*** Block opens ***

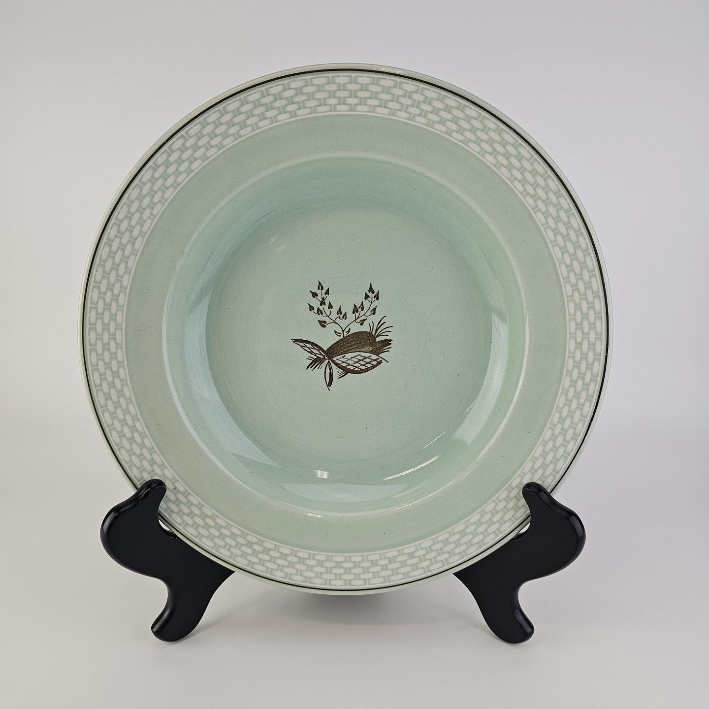 Stel i lysegrøn fajance med natur dekoration og flettet kant
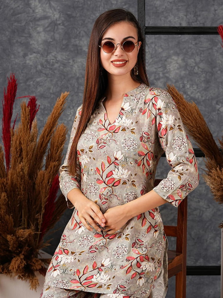 The set includes one kurta and one pair of trousers, designed to match in fabric and color.
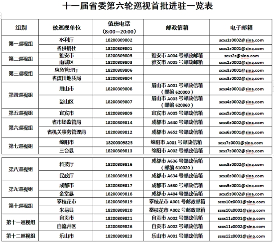 四川在线消息(记者 陈松)截至6月5日,按照十一届省委第六轮巡视工作部署,12个省委巡视组完成对8个市、6个县(区)和8个省直部门的首批进驻。
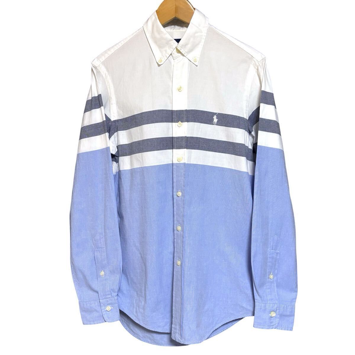 > ※KS RALPH LAUREN ラルフローレン 長袖ラベルシャツ ホワイト×ネイビー×ブルー ボーダー 綿100% メンズ サイズXS
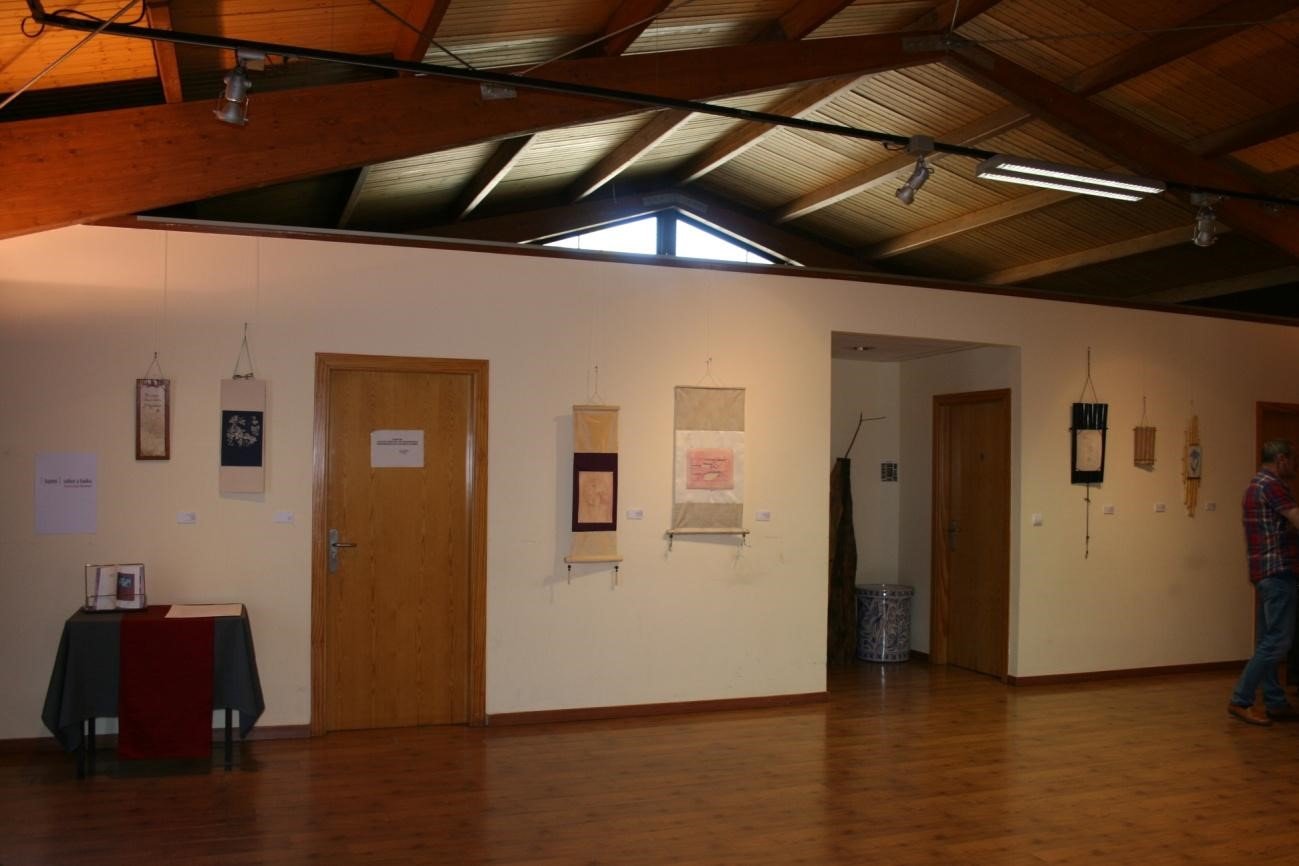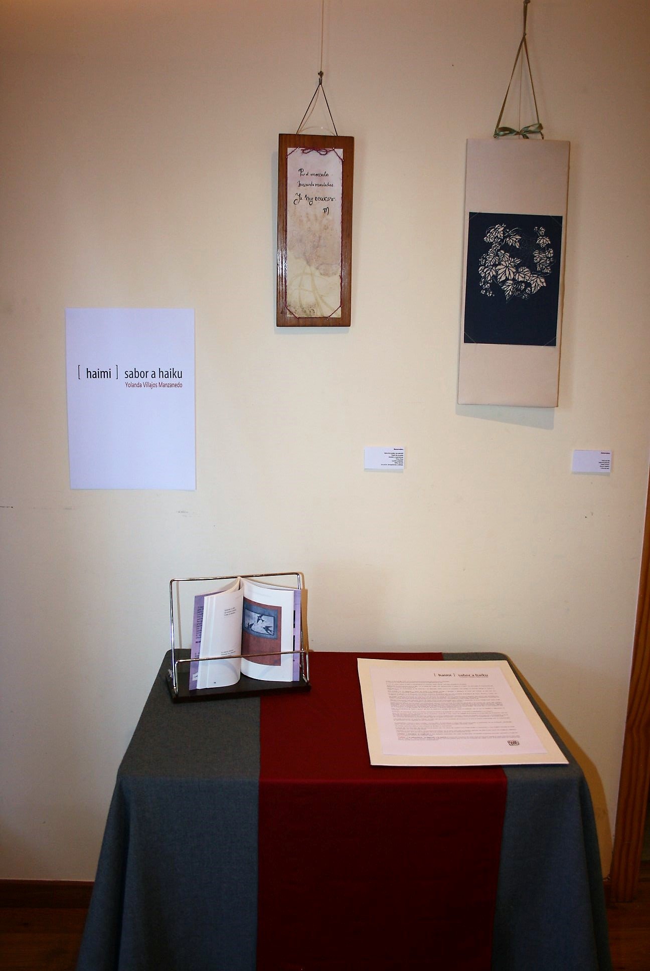 En realidad, en la exposición había siete piezas que no se corresponden con las diez imágenes del libro. Quería realizar una exposición que tuviera un discurso propio y ayudar a entender un poco la técnica y sus posibilidades. A modo de introducción, las dos primeras piezas son una placa de madera con haiga (haiku e ilustración) y una madera forrada en seda recuperada con una plantilla (kirie). También se encontraba el libro ilustrado en un atril, para que se puedan apreciar las diferencias entre las imágenes digitales y las expuestas, que son los originales tal cual quedan después de la exposición al sol.
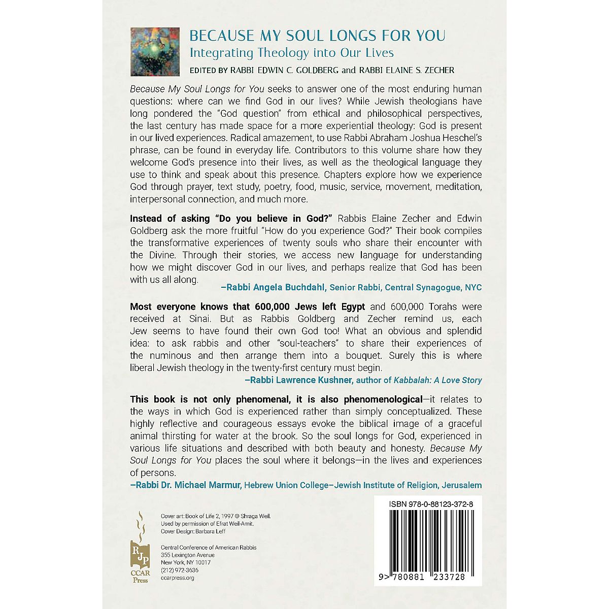Because My Soul Longs for You seeks to answer one of the most enduring human questions: Where can we find God in our lives? While Jewish theologians have long pondered the "God question" from ethical and philosophical perspectives, the last century has made space for a more experiential theology: God is present in our lived experiences. Radical amazement, to use Rabbi Abraham Joshua Heschel's phrase, can be found in everyday life. Contributors to this volume share how they welcome God's presence into their lives, as well as the theological language they use to think and speak about this presence. Chapters explore how we experience God through prayer, text study, poetry, food, music, service, movement, meditation, interpersonal connection, and much more.
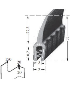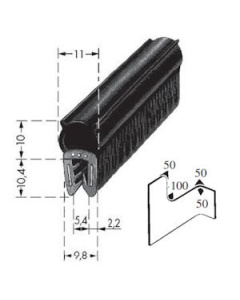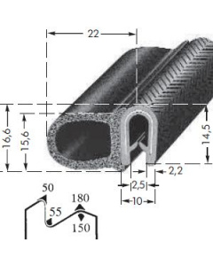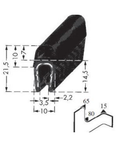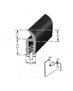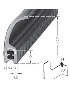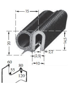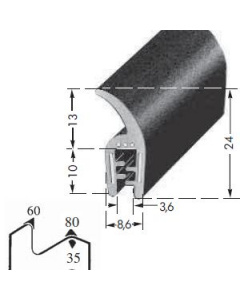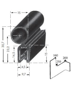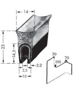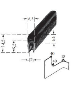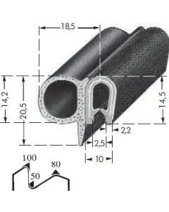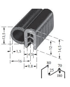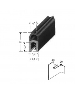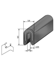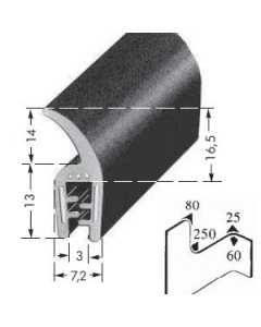 c = de minimale buigingsradius aan de buitenzijde van een bocht. Deze maat is vooral van belang bij gecombineerde profielen met aangehechte sponsrubber- of volrubberprofielen.
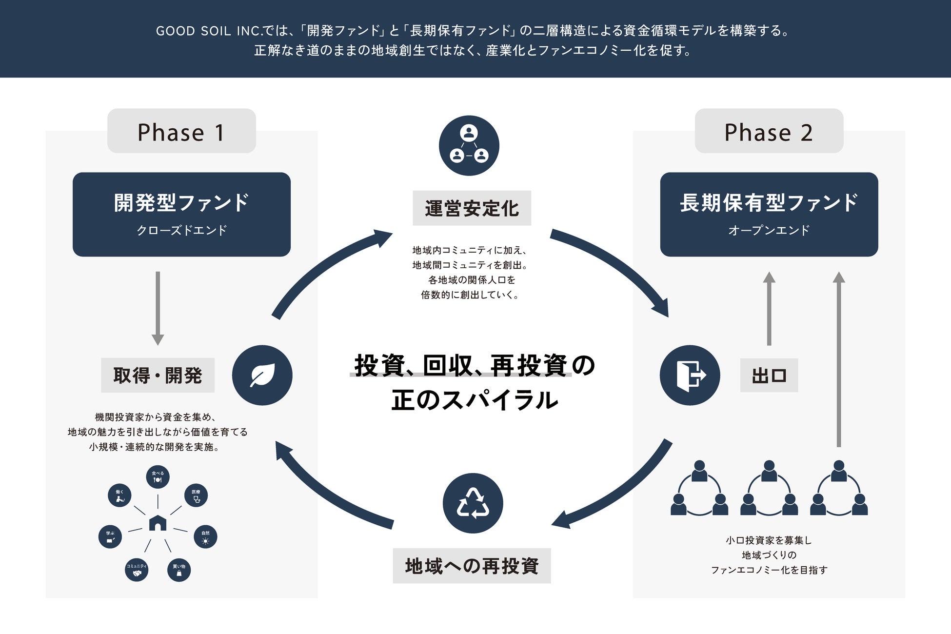 GOOD SOIL INC.では、「開発ファンド」と「長期保有ファンド」の二層構造による資金循環モデルを構築します。

*** Block closes ***

Instructions to follow: Could you retype exactly the lines running from the one with "Because My Soul" to the end of the material above, pictures omitted?

Exercise answer:
Because My Soul Longs for You seeks to answer one of the most enduring human questions: Where can we find God in our lives? While Jewish theologians have long pondered the "God question" from ethical and philosophical perspectives, the last century has made space for a more experiential theology: God is present in our lived experiences. Radical amazement, to use Rabbi Abraham Joshua Heschel's phrase, can be found in everyday life. Contributors to this volume share how they welcome God's presence into their lives, as well as the theological language they use to think and speak about this presence. Chapters explore how we experience God through prayer, text study, poetry, food, music, service, movement, meditation, interpersonal connection, and much more.
 c = de minimale buigingsradius aan de buitenzijde van een bocht. Deze maat is vooral van belang bij gecombineerde profielen met aangehechte sponsrubber- of volrubberprofielen.
 GOOD SOIL INC.では、「開発ファンド」と「長期保有ファンド」の二層構造による資金循環モデルを構築します。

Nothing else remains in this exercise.